Square Numbers

She has been seeing 100 as a square for years–on the Hundred Board, the Golden Bead material, the Grimm’s Large Mosaic, etc. Then one day, her own spontaneous idea was to find other numbers that make squares.

She got that paper we have on the shelf and started making that pattern and exploring making squares (I suggested she write the numerals / square numbers where she did so she’d remember where she was as she counted).

Later on I showed her some squares from the Bead Cabinet.

And she explored making beautiful “patterns” and designs with them.

Another day, we brought out numeral cards to match. That paper she colored in and labeled with square numbers is now also Control of Error for the work.

We also played a game where we turned the numeral cards upside down and remember them. When we were taking turns she said, “Mom, take the smaller numbers because I need more practice with the bigger ones.”

While working on this with her, I remember the genius of Montessori materials. She has been working on the Number Beads / Bead Stairs since she was 3 so she knows that a brown bar is an 8 for example so that brown square is an 8 by 8 (8 across and 8 down) so it is easier to state that if you make a square using the 8 bars (or 8 squared), you’ll get 64 and so on–without having to count the bead bars again and again–BUT should she need to check (the bead bar or the square) to be sure, she can always count the individual beads.

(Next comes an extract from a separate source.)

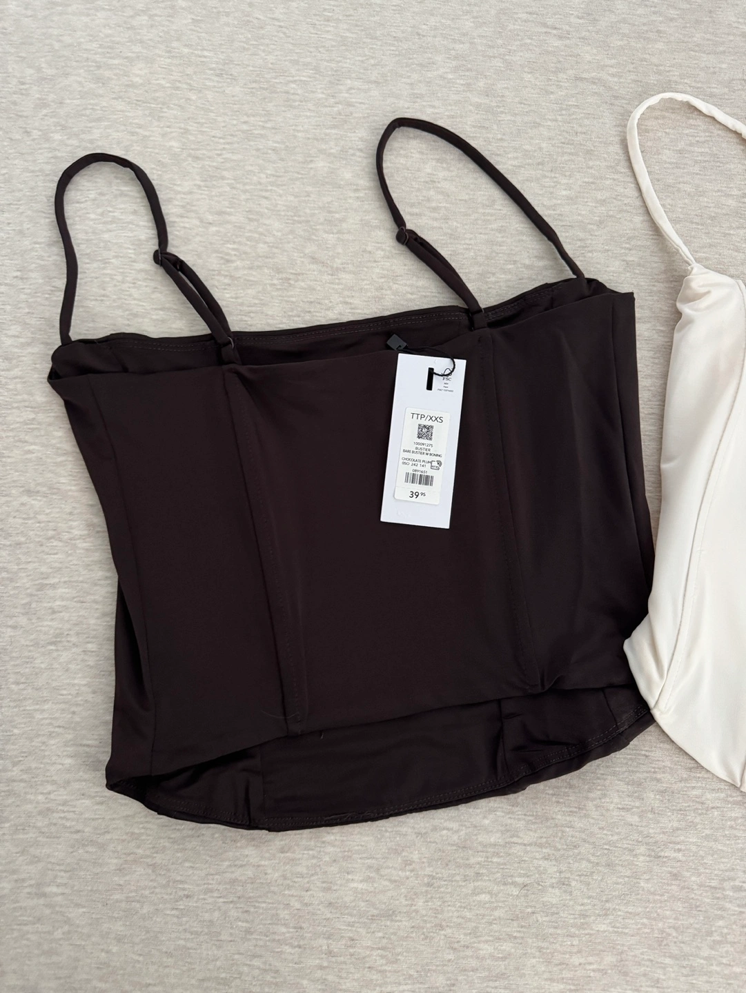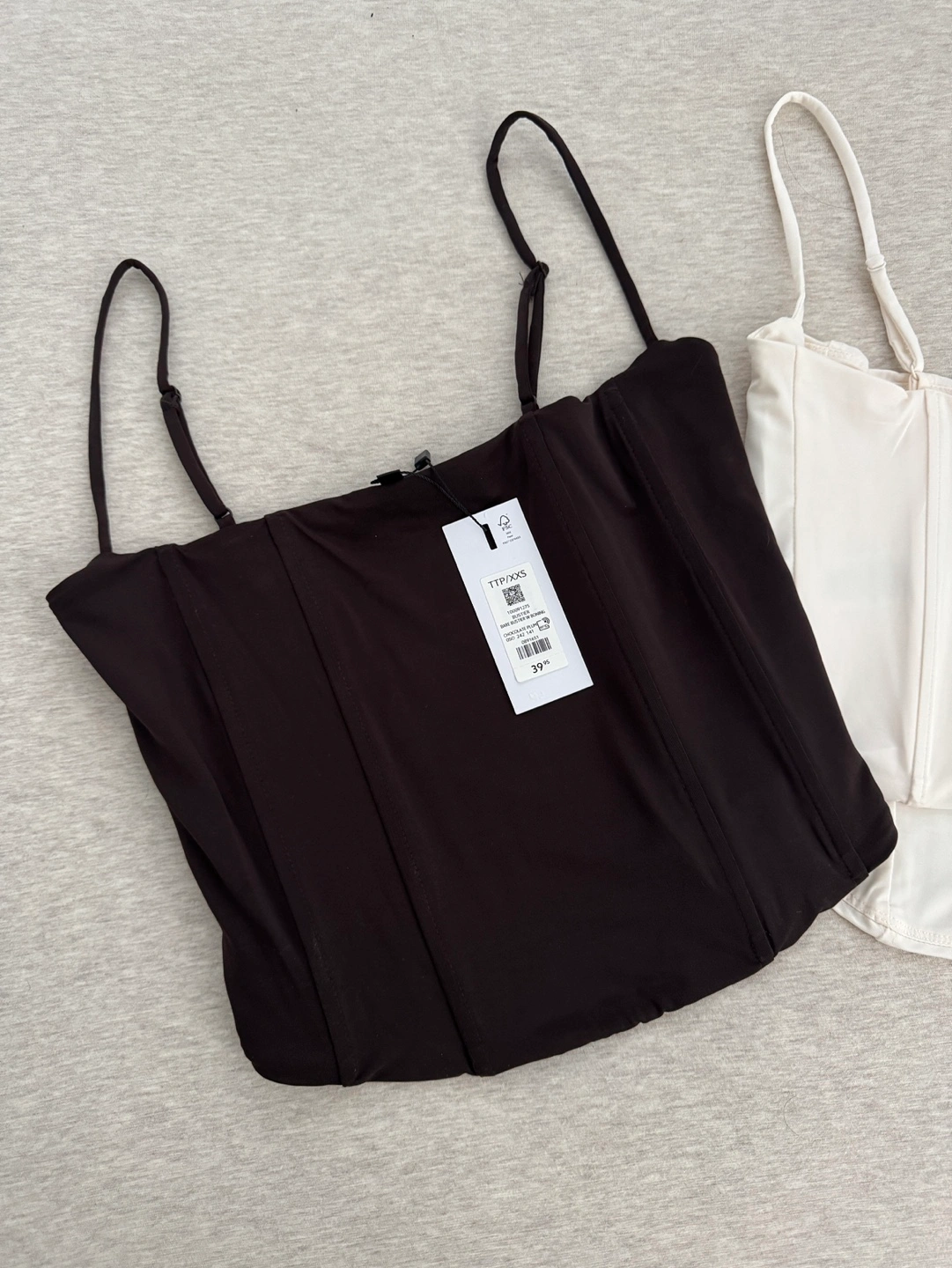 Brand new with tags. Two corset tops, one dark brown and one off-white. Size XXS. Adjustable straps. Classic style.

One time, she counted the holes in between beads and was so amazed to find out that the holes in between beads of one square is equal to the beads of the square number before it (so the holes in between beads on the 36 square is actually 25)–that’s why the squares stack up the way they do!

I remember what Maria Montessori said–that we the adult guides plant seeds of interest–and from these seeds will grow impressions and ideas.

“These impressions not only penetrate the mind of the child, they form it; they become incarnated, for the child makes his own ‘mental flesh’ in using the things that are in his environment.” – Maria Montessori

Not necessarily all at once and right away–

“… they will be held lightly in the mind, but will be capable of later germination.” – Maria Montessori

So when we’re feeling a little frustrated when nothing seems to be growing out of the seeds of interest we’ve been planting and we’re feeling like we’re always back to square one–keep planting, keep on going. Montessori On!